While rapidly advancing commercialization, GENRIX BIO is also continuously raising the barriers in drug discovery and source innovation.Secukinumab was incubated on GENRIX BIO’s proprietary novel antibody drug discovery platform. By screening lead molecules from a large-capacity fully human antibody library, the platform enables rapid optimization and engineering of antibody drugs, enhancing molecular affinity, specificity, expression levels, and humanization, thereby breaking through the bottleneck of low efficiency associated with traditional antibody screening technologies.
In the antibody discovery phase, GENRIX BIO possesses monoclonal antibody and bispecific antibody drug discovery technology platforms based on a novel phage display system.
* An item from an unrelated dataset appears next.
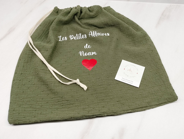 Organisez votre linge avec style grâce à nos sacs de linge artisanaux. Chaque sac est soigneusement confectionné à la main avec des matériaux de qualité et personnalisable à volonté, un prénom , une citation, un dessin !

In the drug development phase, GENRIX BIO has established an efficient process development platform for recombinant antibody drugs and has completed process development and pilot-scale production for more than ten therapeutic antibodies.
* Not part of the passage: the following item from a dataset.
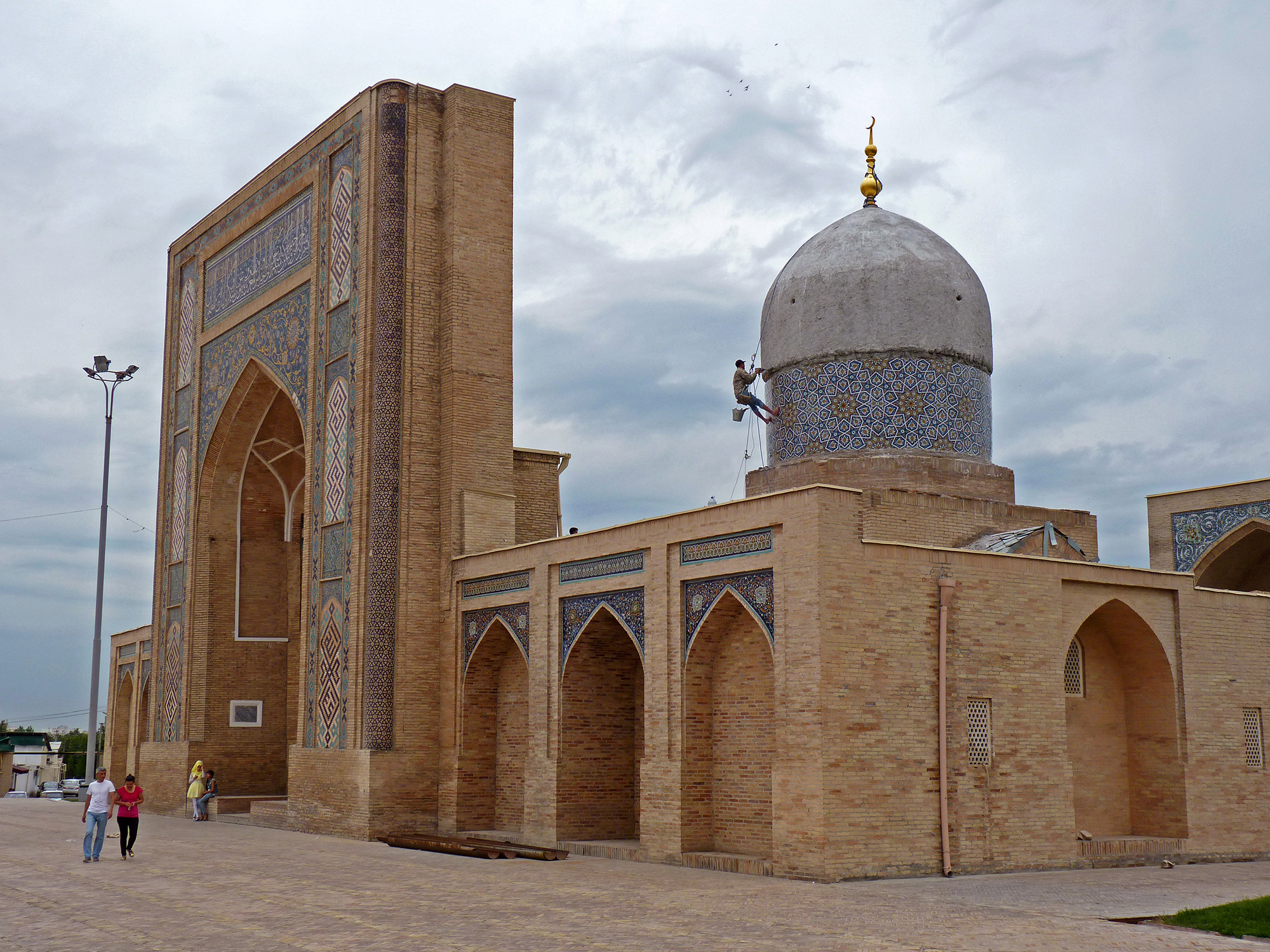 Напомню, что мавзолей – это одно из старейших зданий Ташкента. Первоначальная усыпальница «Святого имама» не сохранилась, а нынешняя была возведена на её месте в 1542 году, во время правления династии Шейбанидов, ханским архитектором того времени Гулямом Хусаином. На нем сохранилась майолика XVI века с надписью, содержащей имя мастеров-зодчих и дату строительства. Этот памятник представляет собою большую историческую и художественную ценность.

In addition, GENRIX BIO adopts a pipeline layout strategyDual-Track Development in Autoimmune and Infectious DiseasesStrategies:The marketing application for the second indication of selicrelumab—radiographic-positive axial spondyloarthritis—has been accepted; Phase III clinical trials have been initiated for GR1802 in the treatment of moderate-to-severe atopic dermatitis and chronic rhinosinusitis with nasal polyps; GR1801, the world’s first bispecific antibody for passive immunization against rabies, has entered Phase III clinical trials; and both GR2001 (anti-tetanus monoclonal antibody injection) and GR1803 (anti-BCMA×CD3 bispecific antibody injection) have been successively included in the Breakthrough Therapy Designation program by the Center for Drug Evaluation (CDE).
Although autoimmune diseases represent the second-largest disease market globally, this sector in China has long faced numerous challenges: slow market expansion, and significant hurdles in public education, clinical development, and product promotion. However, substantial unmet clinical needs point to a potential blue-ocean market, offering ample room for exploration by domestic innovative pharmaceutical companies committed to long-term innovation in autoimmune therapeutics.
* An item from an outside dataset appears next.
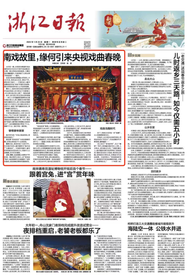 今天出版的《浙江日报》,在头版头条对此进行了报道:

Today, this landscape has undergone a fundamental transformation. The era of “no available treatments” and “unknown specific therapies” is now history. Multinational corporations (MNCs) are actively entering the autoimmune disease sector, imported innovative drugs are being included in national medical insurance coverage, and domestically developed innovative drugs are being launched consecutively.Domestic innovative biologics will help rapidly expand the psoriasis biologic market, where penetration rates remain low, by leveraging advantages in efficacy, cost-effectiveness, and local clinical data.
With imported biologics having paved the way for patient and market education, domestically developed innovative biologics with proven efficacy and robust clinical data are now expanding their reach. The blueprint for biologics in autoimmune diseases is being realized, offering clinical patients a broader selection of highly effective, high-quality domestic therapeutic options.